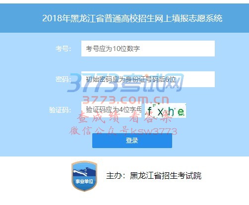 考号: 考号应为10位数字密码: 初始密码应为身份证号码后6位验证码: 验证码应为4位字母 登录 主办:黑龙江省招生考试院
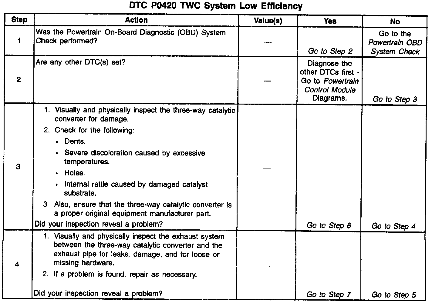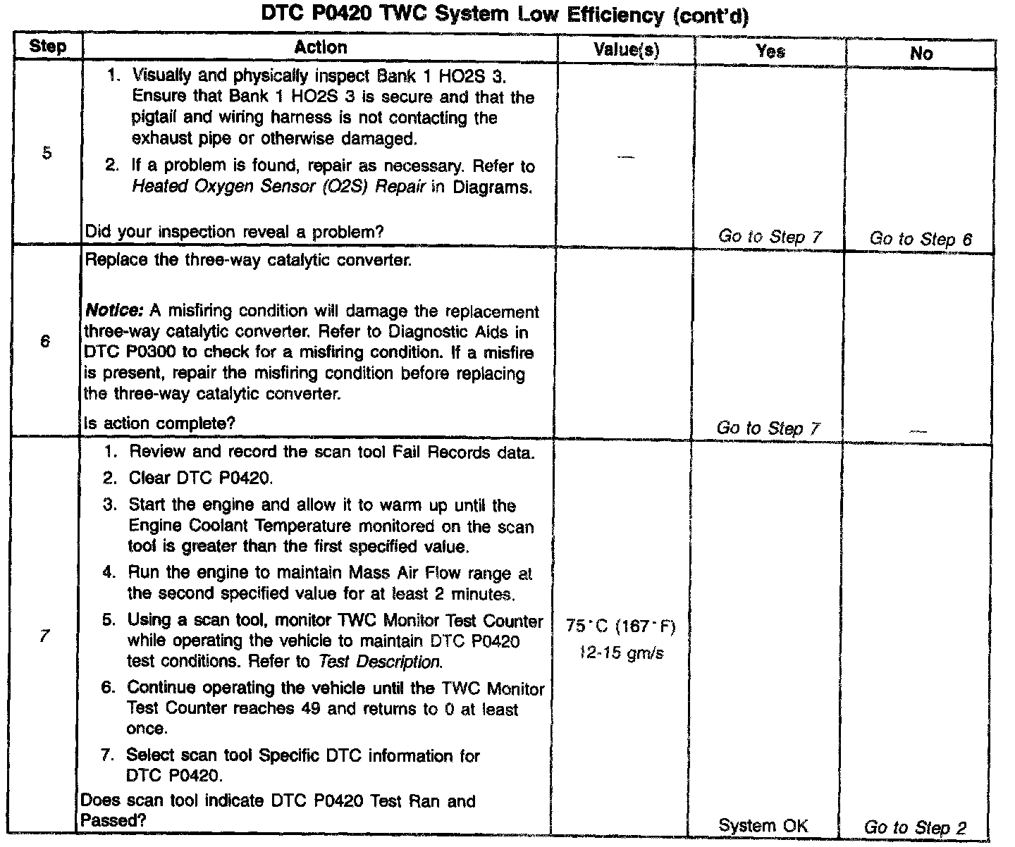 7. Difficulty completing the DTC P0420 test may be encountered in areas where test conditions cannot be maintained easily, especially in urban areas. To minimize the amount of driving required to complete the DTC P0420 test, use the procedure in Step 7 of the Diagnostic Chart.
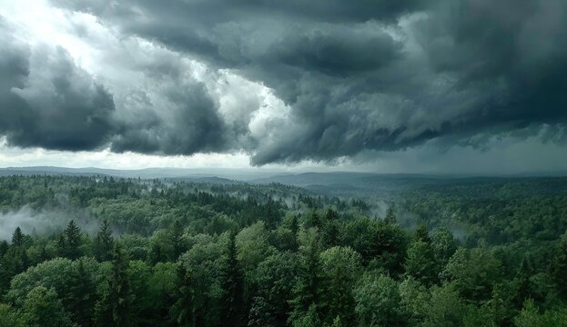 Dramatic storm clouds over a dense forest

Task: This task calls for the listing to be restated exactly, with images omitted.

Worked solution:
 考号: 考号应为10位数字密码: 初始密码应为身份证号码后6位验证码: 验证码应为4位字母 登录 主办:黑龙江省招生考试院
 7. Difficulty completing the DTC P0420 test may be encountered in areas where test conditions cannot be maintained easily, especially in urban areas. To minimize the amount of driving required to complete the DTC P0420 test, use the procedure in Step 7 of the Diagnostic Chart.
 Dramatic storm clouds over a dense forest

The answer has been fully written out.